This week I am unhappy with the big kid's school. I am very happy with the school administration, they are fabulous, but I am unhappy with some of the things going on with the students.
The problem is, I don't know if I have unrealistic expectations. I have just left this magical little bubble of a school where everyone embraced our values. You knew that chances were 9 our ot 10 that if your child went to play at another family's house, their approach to discipline and media would be similar to yours. You knew they would be safe, and that they wouldn't be watching some freaky movie.
Friday Sprout came home and told me that her third grade reading buddies insisted on choosing a book with naked babies in it (which I'm sure were cartoony and fine). She described in detail the sexual gestures and statements they continued to repeat, with the book as a starting point, even though she asked them to stop. This is not the first situation of the kids coming home and asking about hand gestures depicting straight and gay sex.
I emailed the teacher, who got right on it. The situation must have caused a stir because Small Sun came home saying that the girls in question went to the office. He was given a message by another third grader "tell your sister she's lying. Those two girls didn't do anything wrong, your sister is lying."
Sprout told me she had been afraid to tell me because she didn't want to get in trouble.
I don't think that navigating exposure to more adult sexual information should be the job of first grade.
Last week a child splashed hand sanitizer in another child's eye ("on purpose"), and the hurt child went home. Also last week, one child chucked a large piece of mulch, hitting another child in the head, where she already had stitches that were healing.
Small Sun learned the "real F word", which, as it turns out, is not "stupid."
In Sprout's class there are a few children who have been sent home mid-day for extreme misbehavior, and many afternoons include recounts of endless classtime lost with classroom management.

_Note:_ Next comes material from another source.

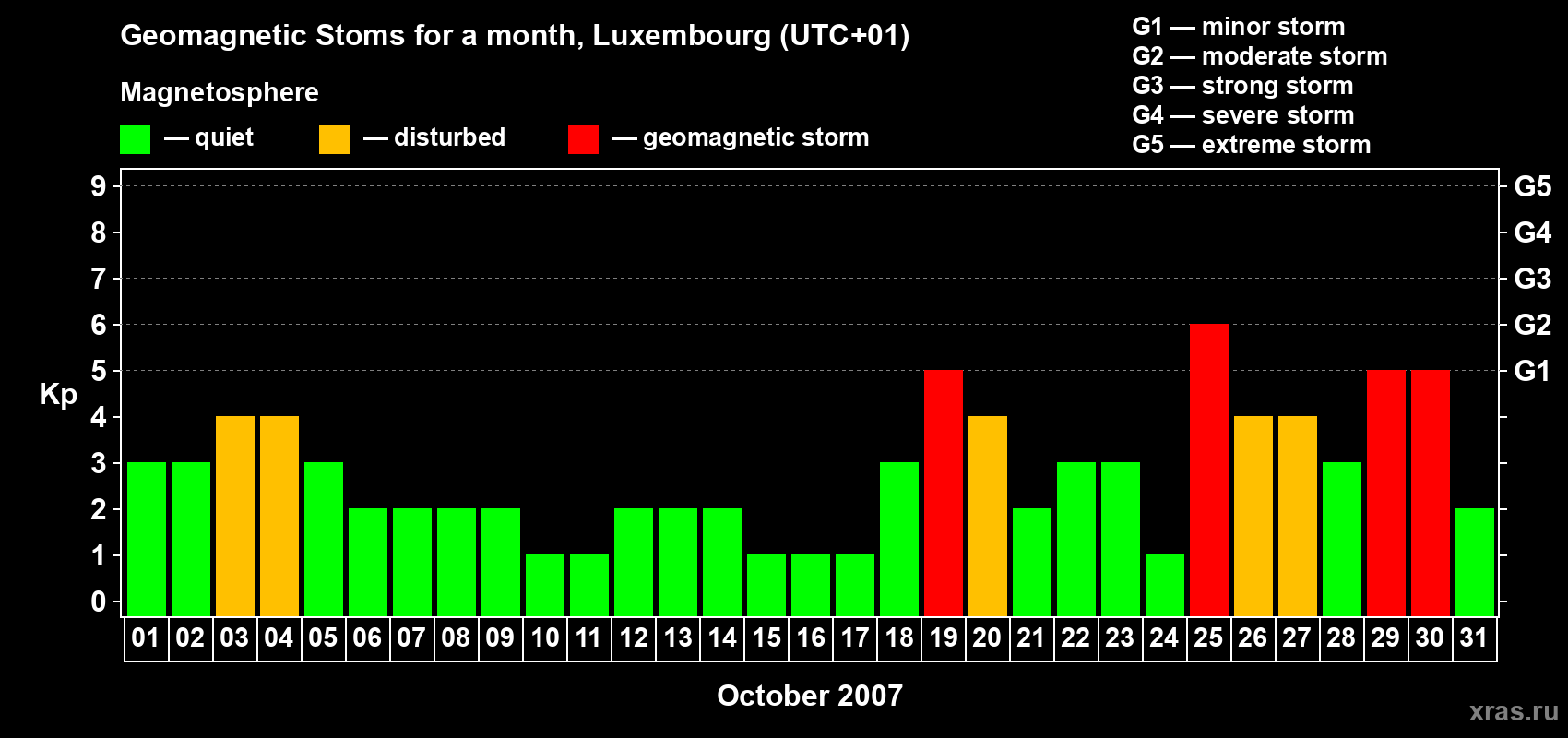 Geomagnetic storms in Luxembourg — Oct 31, 2007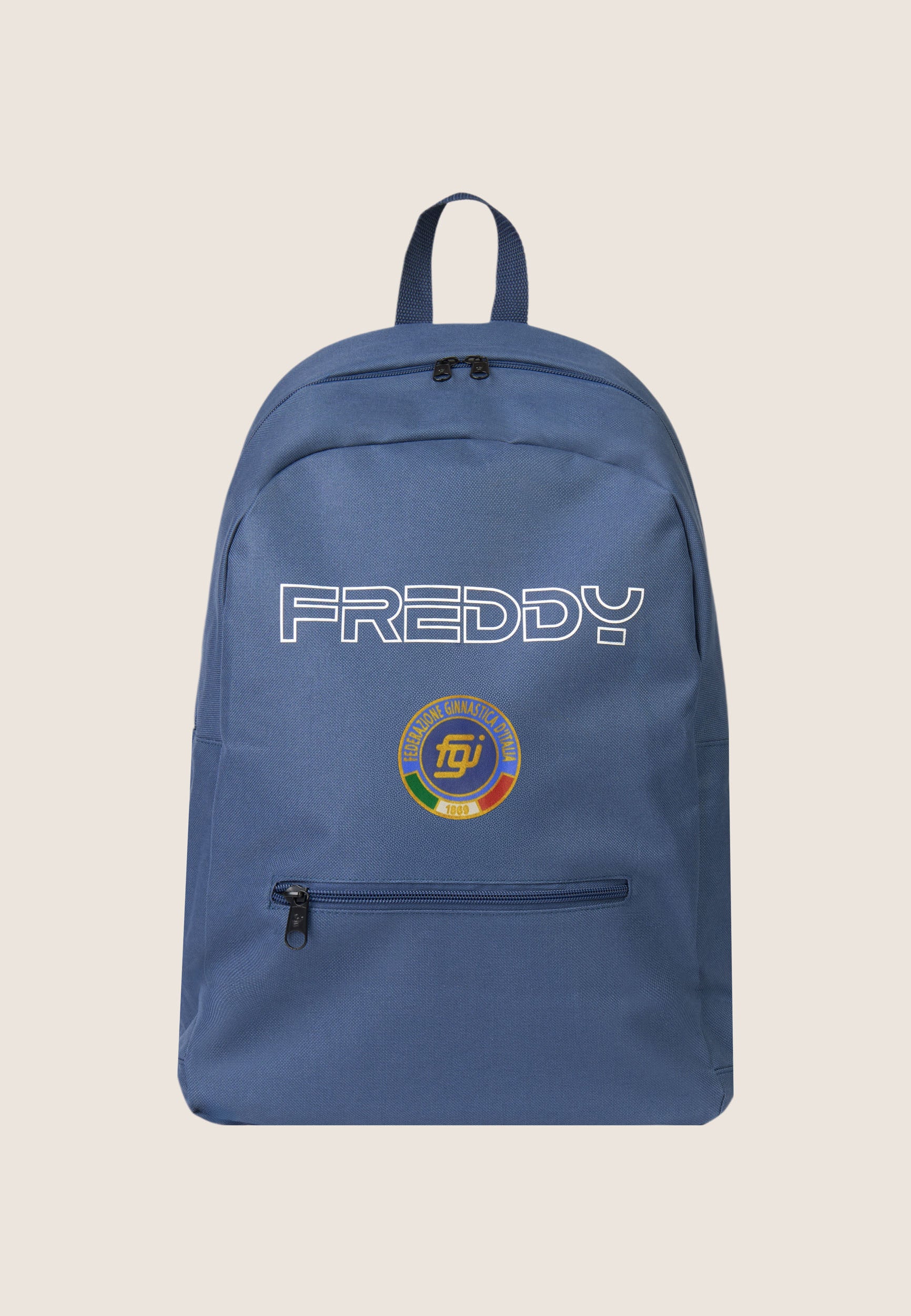 Questo zaino è uno degli accessori creati da Freddy per la Federazione Ginnastica d’Italia e unisce praticità e stile sportivo. Capiente e funzionale, presenta una chiusura con zip a doppio cursore sul lato superiore, tasca anteriore con zip per gli oggetti più piccoli, spalline imbottite e regolabili per il massimo comfort. Il grande logo Freddy e l’emblema FGI stampati sul fronte rendono questo accessorio un simbolo di appartenenza alla squadra.

A girl in Sprout's class told the story of Chucky - the horror movie. Fortunately, Sprout thought she was saying "Chookie" (chicken), so it didn't make much sense to her. She has found the girls in her class to be manipulative. The same one who tells about Chucky also talks about Satan killing Jesus, and cries and causes drama if Sprout says she doesn't want to participate in her recess "storytimes".
I've heard about lots of lying.
So here's the thing - I want to be able to share about sex freely with my kids, when I think they are old enough. I want to have the conversation about drugs - I don't want the school having it from preschool on up for me (and they do). I don't want to keep my kids in a sheltered bubble, but I want them to be in a safe and kind environment where their job is learning - learning reading, maths, science, technology, english, and everything else. The things they need to learn about as they grow up, and need to know about the world, are things I want to be communicated by a loving and thoughtful parent, not a fourth grader on the playground. I want their peers to be kids who are in families that value kindness, honesty, responsibility, and discipline.
I don't know if this is a public vs private school issue, or if this is America and I'm just not used to it, or if I am too sensitive and need a thicker skin. What I do know is that what I hear coming home from school often makes me feel unhappy, and I don't know what to do about it. I have many good friends doing public school, and feeling happy with it. I also have many friends homeschooling or hybrid homeschooling. When do you keep going, and hope it gets better, and when to cut your losses and make a change?
There are so many things I am really happy with at this school, but unfortunately, the kids aren't one of them...and that's kind of a big part. I'd love your thoughts.